Background technology
During multiple views three-dimensional geometric mode building system builds to three-dimensional profile, several between adjacent viewpoint picture
What modeling is merely capable of obtaining the point cloud geometric data of testee surface regional area, wants to obtain whole three-dimensional profile number
According to needing to carry out multiple views and obtain image, be simultaneous for each two adjacent viewpoint and carry out Geometric Modeling, this leads under different points of view
The geometric coordinate system of calculated cloud geometric data is different.
In order to obtain the whole three-dimensional profile geometric data on testee surface, needing will be several for the local under different coordinates
What data transforms under same unified coordinate system, but the automatic spelling of the three-dimensional point cloud geometric data under completing different coordinates
Connect and registration is always a stubborn problem.Existing method mainly has:
1. in object being measured surface mount aid mark point, so not only can destroy the texture letter on object being measured surface
Breath, cannot paste the object being measured surface geometry at covering simultaneously to mark point and data texturing is modeled.

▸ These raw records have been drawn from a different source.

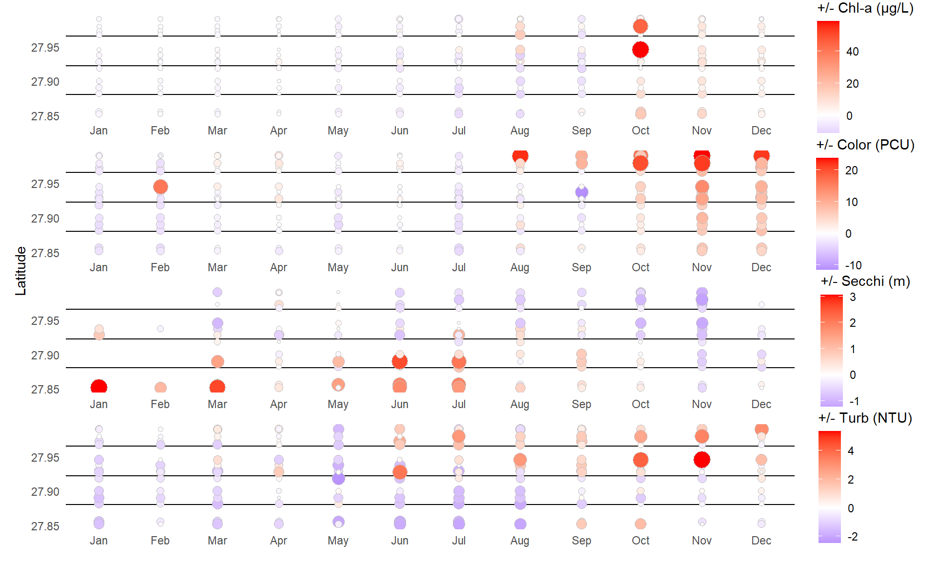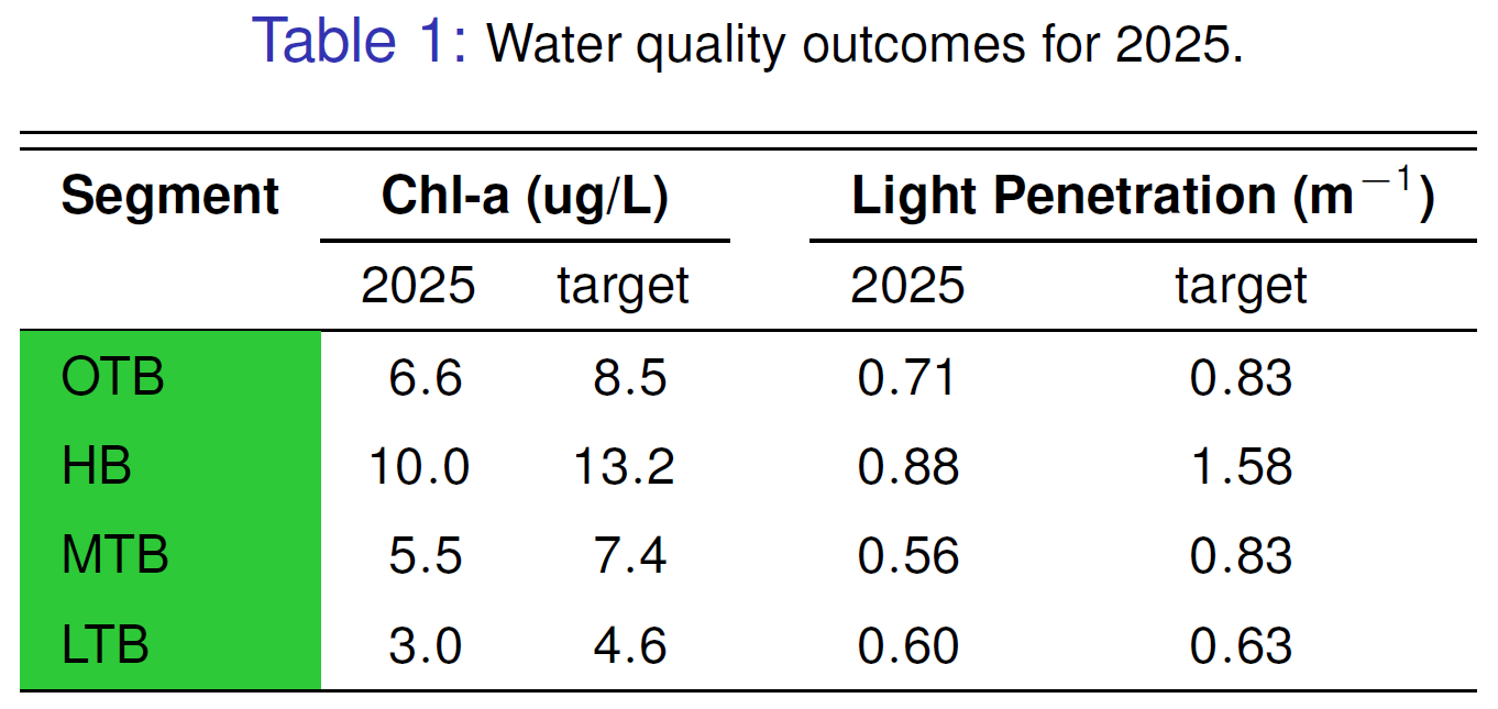 - All segments provisionally meet chlorophyll and light attenuation management targets, regulatory thresholds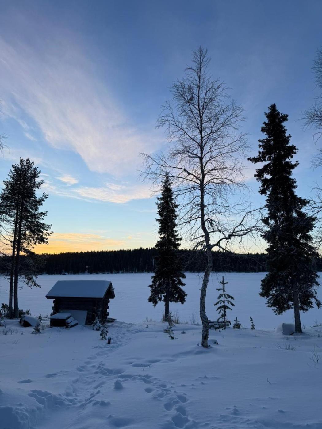 Kuonti-Ruka, kelohirsimökki järven rannalla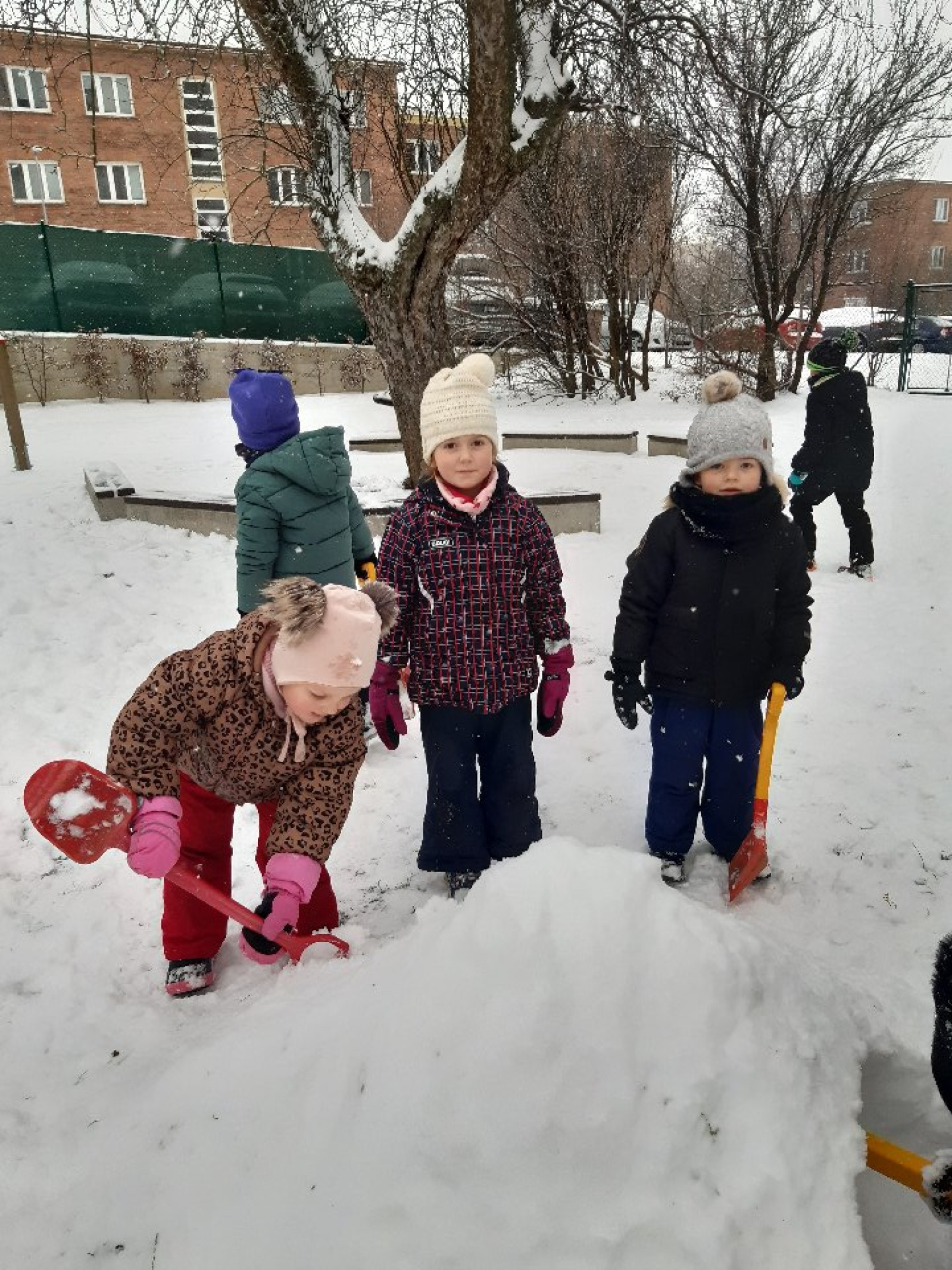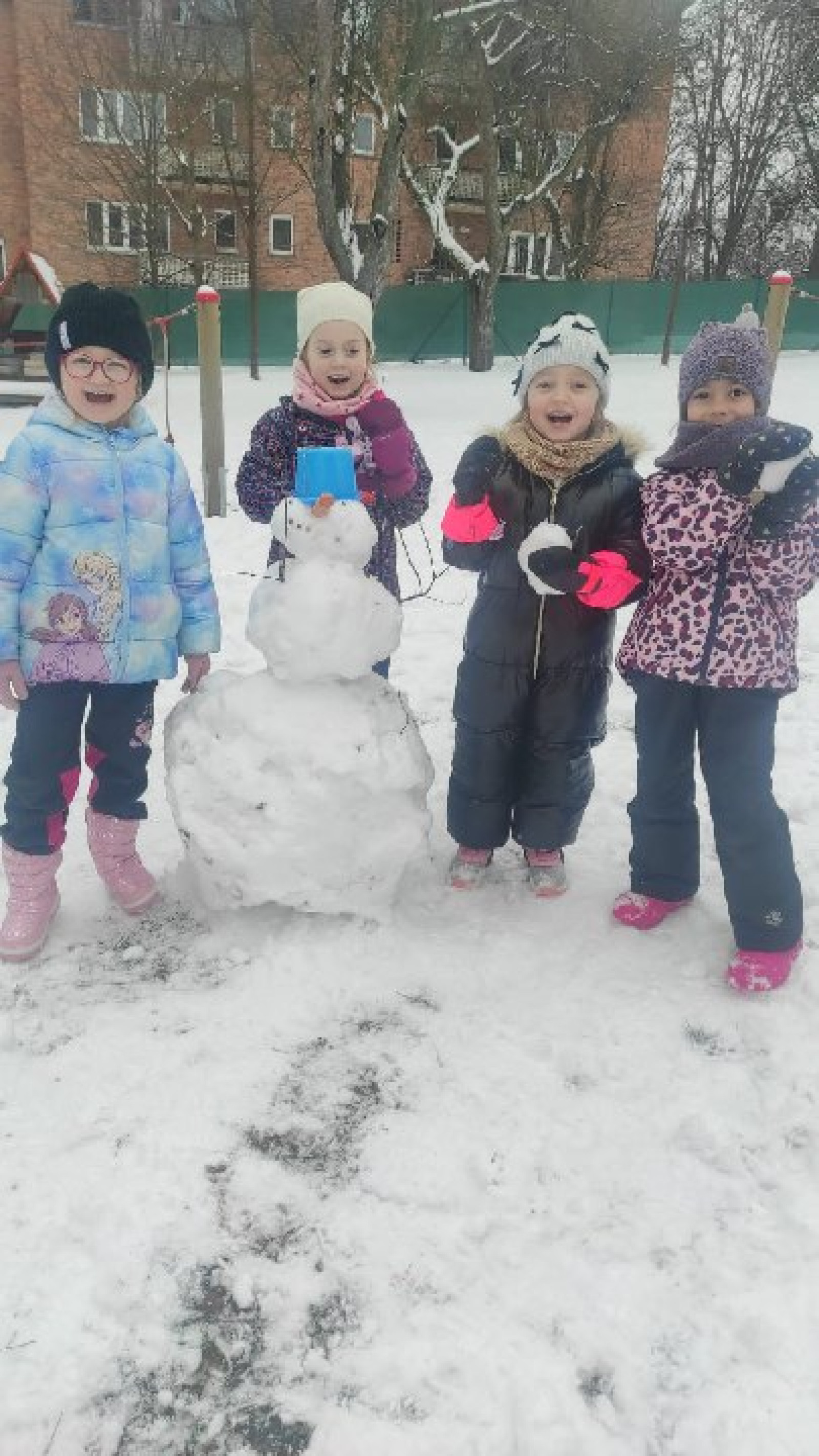 - na školní zahradě jsme si užívali zimních radovánek - jezdili jsme na lopatách, stavěli iglú, sněhuláky, koulovali se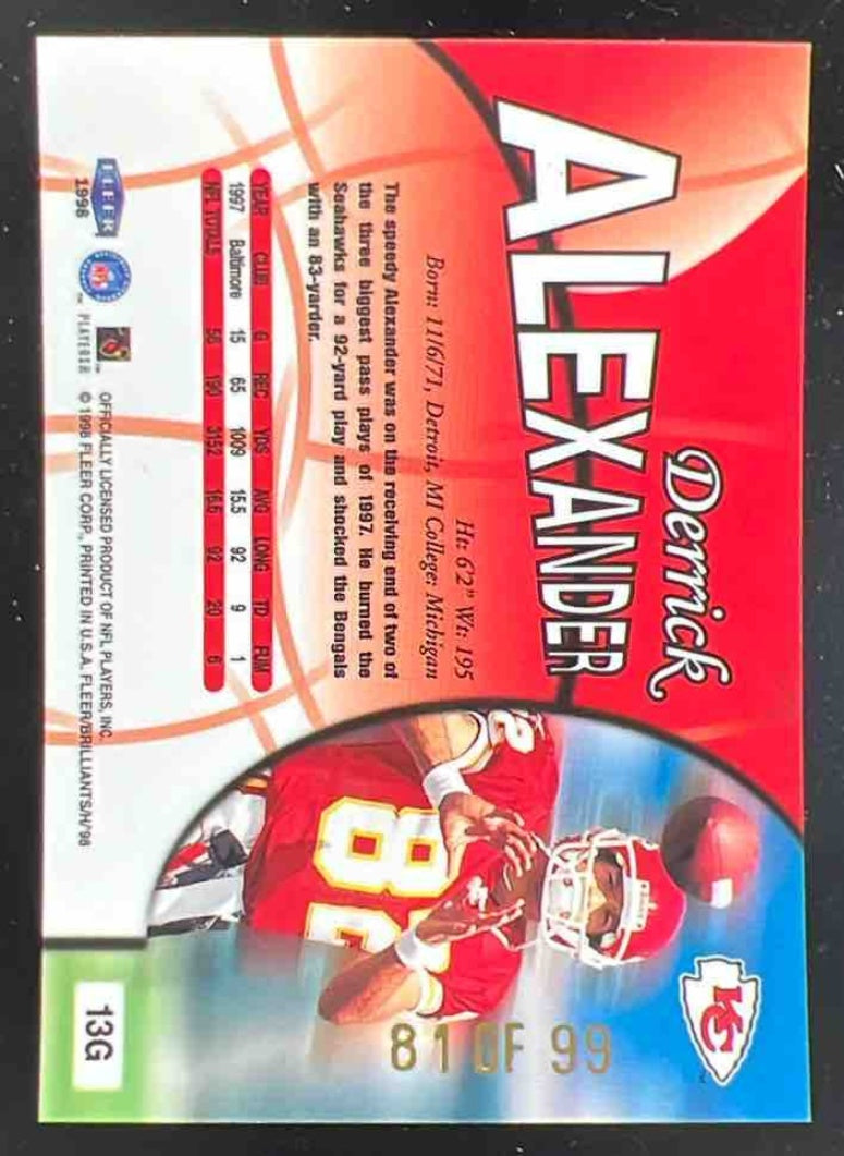 1998 Fleer Brilliants Gold #13G Derrick Alexander /99

2. determine the change in location relation between object being measured and multiple views using some heads, the method stably may be used
Lean on, and have higher precision, but need additional high-accuracy mechanical equipment, thus it is multiple to lead to multiple views to obtain device structure
Miscellaneous it is impossible to measure to larger object.
3. the manual characteristic point choosing coupling is mated in advance, then passes through existing business software Processing Algorithm and completes
To a splicing for cloud geometric data.Such method needs to intervene the coupling realizing data in advance by artificial first, but artificial coupling
Error is excessive to be unable to reach preferable splicing effect it is impossible to realize to the point cloud geometric data after multi-view image three-dimensional modeling
Full-automatic splicing.
Content of the invention
In order to solve existing issue, the invention provides a kind of automatic Mosaic based on many body-sensing collecting device three-dimensional modeling
Method, needs the point modeling the rgb-d form of three-dimensional body to converge by the collection of body-sensing collecting device, using relative tertiary location
Transition matrix and absolute spatial position transition matrix complete the automatic Mosaic putting cloud geometric data after three-dimensional modeling.
The present invention can be achieved through the following technical solutions:
A kind of method for automatically split-jointing based on many body-sensing collecting device three-dimensional modeling, comprising:
Step one, the data of the three-dimensional body being modeled using different body-sensing collecting device collection needs, obtain described three
The point of the rgb-d form of dimension object converges;
Step 2, the point to the collection of any two adjacent body-sensing collecting device converge, using the standard with feature texture
The bearing calibration two-by-two of plane correction plate, solves relative tertiary location transition matrix m;
Step 3, the coordinate system that converges of point choosing the collection of any one body-sensing collecting device are reference frame, pass through
The superposition conversion of relative tertiary location transition matrix m, calculates the coordinate system that the point of each body-sensing collecting device converges relative to reference
Coordinate system absolute spatial position transition matrix g, using absolute spatial position transition matrix g by the point cloud of each body-sensing collecting device
Data is indicated under reference frame, completes the preliminary corrections of cloud data, realizes the point cloud of each body-sensing collecting device
Automatically tentatively the splicing of data;
Step 4, the cloud data collection to preliminary splicing carry out accuracy registration school by point cloud iteration optimization registration Algorithm
Just, to complete automatically accurately the splicing of cloud data of each body-sensing collecting device.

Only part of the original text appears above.